Vacanze d’autunno in Grecia: Pilo, Messenia

La pittoresca cittadina di Pilo (Πὐλος, Pylos, Pilos) può rappresentare un ottimo punto di partenza per esplorare la costa ionica della Messenia (Messinìa,...


pilos, navarino, grecia, messenia, peloponnesoLa pittoresca cittadina di Pilo (Πὐλος, Pylos, Pilos) può rappresentare un ottimo punto di partenza per esplorare la costa ionica della Messenia (Messinìa, in greco Μεσσήνη, Messínî o Messénê ). Splendido anche il percorso stesso che vi condurrà a Pilo da Kalamata. Nell’ultimo tratto, entrando a Pilo: da un lato ammirerete i tetti e il pittoresco porto di una città che si è sviluppata in tempi relativamente recenti; dall’altro lato la famosa baia di Navarino (anche detta baia di Pilo) che ha la funzione di frangiflutti naturale. Il verde dei pini contribuisce a fornire un’immagine dalla bellezza eccezionale. Perché, se è vero che in Grecia ci si reca in estate per il mare il sole e le spiagge, è anche vero che la natura e la cultura la fanno da padrone tutto l’anno sulla terra greca. Dalle isole dell’Egeo, al Peloponneso, la Grecia offre al turista innumerevoli occasioni di essere ammirata. Anche in autunno, quando il clima mite permette di passeggiare ed esplorare i luoghi della memoria storica di questo affascinante paese, godendo ancora della bellezza dei paesaggi marini e delle coste.

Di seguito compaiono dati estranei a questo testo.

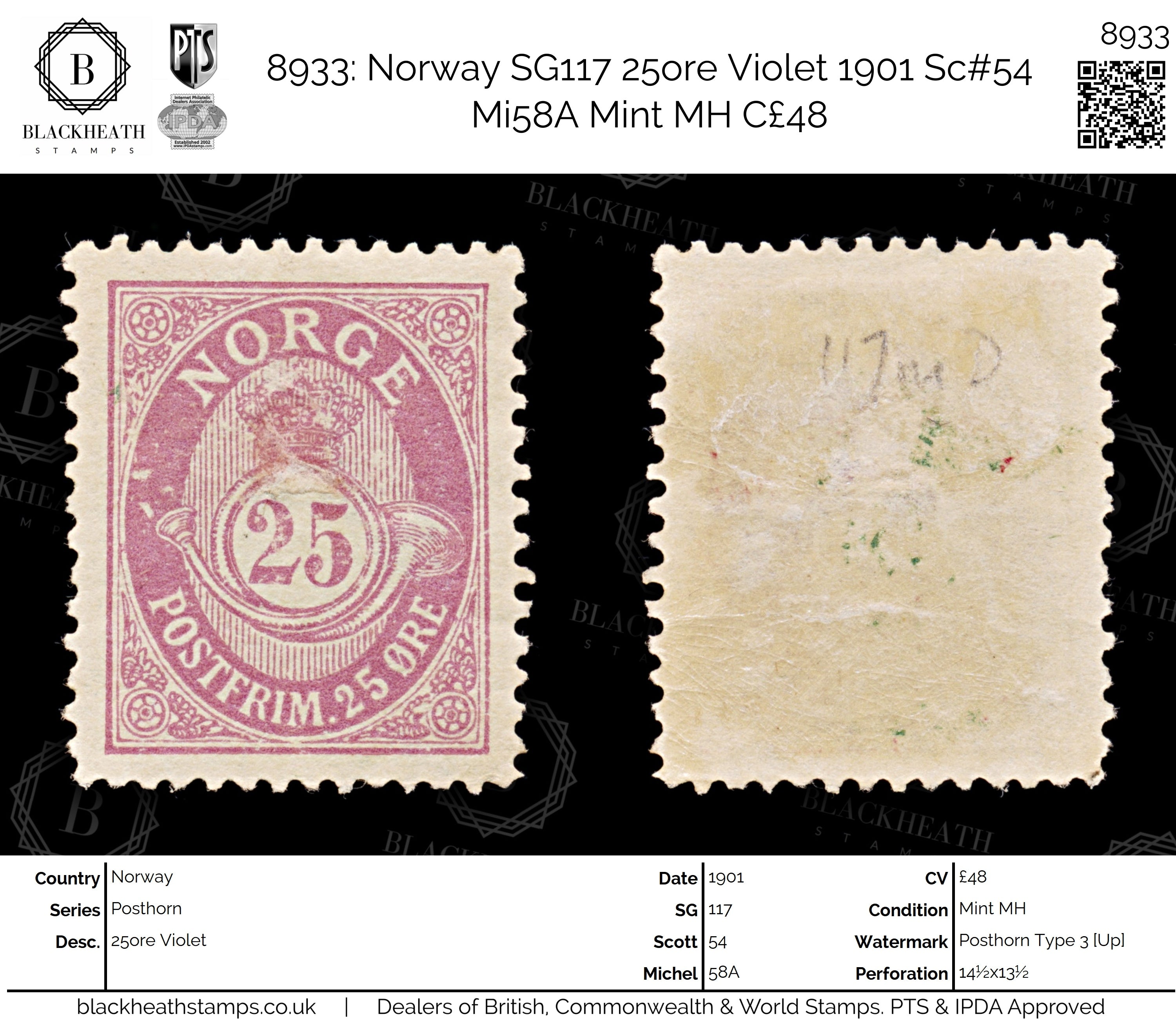 8933: Norway SG117 25ore Violet 1901 Sc#54 Mi58A Mint MH C£48
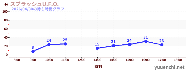 2026/04/30の待ち時間グラフ (スプラッシュU.F.O.)

La baia di Navarino, da sola, necessita di tempo e attenzione per scoprirne il fascino e conoscerne la storia.
Agli appassionati di storia, cadrà lo sguardo sulla Sfacteria (Sfachtirìa, in greco antico: Σφακτηρίη, ma conosciuta anche come Sfagia, nome con cui viene oggi identificata), che ha visto l’eccidio dei rivoluzionari greci nel 1825. Poi verso il fondo della baia, dove giacciono per sempre le navi, soprattutto ottomane, affondate nella famosa battaglia di Navarino, nel 1827. L’evento che ha segnato la storia della Grecia moderna, prodotto di una decisione delle grandi potenze del tempo (Inghilterra, Francia e Russia) per consentire ai Greci di vivere indipendentemente nel proprio Stato. Nella Piazza costiera dei Tre Ammiragli, a Pilo, il monumento in onore di Kodrigkton, Derigny e Heyden, i comandanti della flotta alleata nella battaglia per l’indipendenza greca. I monumenti eretti in vari periodi storici, sono lo spunto per una escursione alla Sfacteria, sul vicino isolotto.
Sicuramente ci si fermerà a dare un’occhiata al piccolo museo, che ospita una collezione di oggetti.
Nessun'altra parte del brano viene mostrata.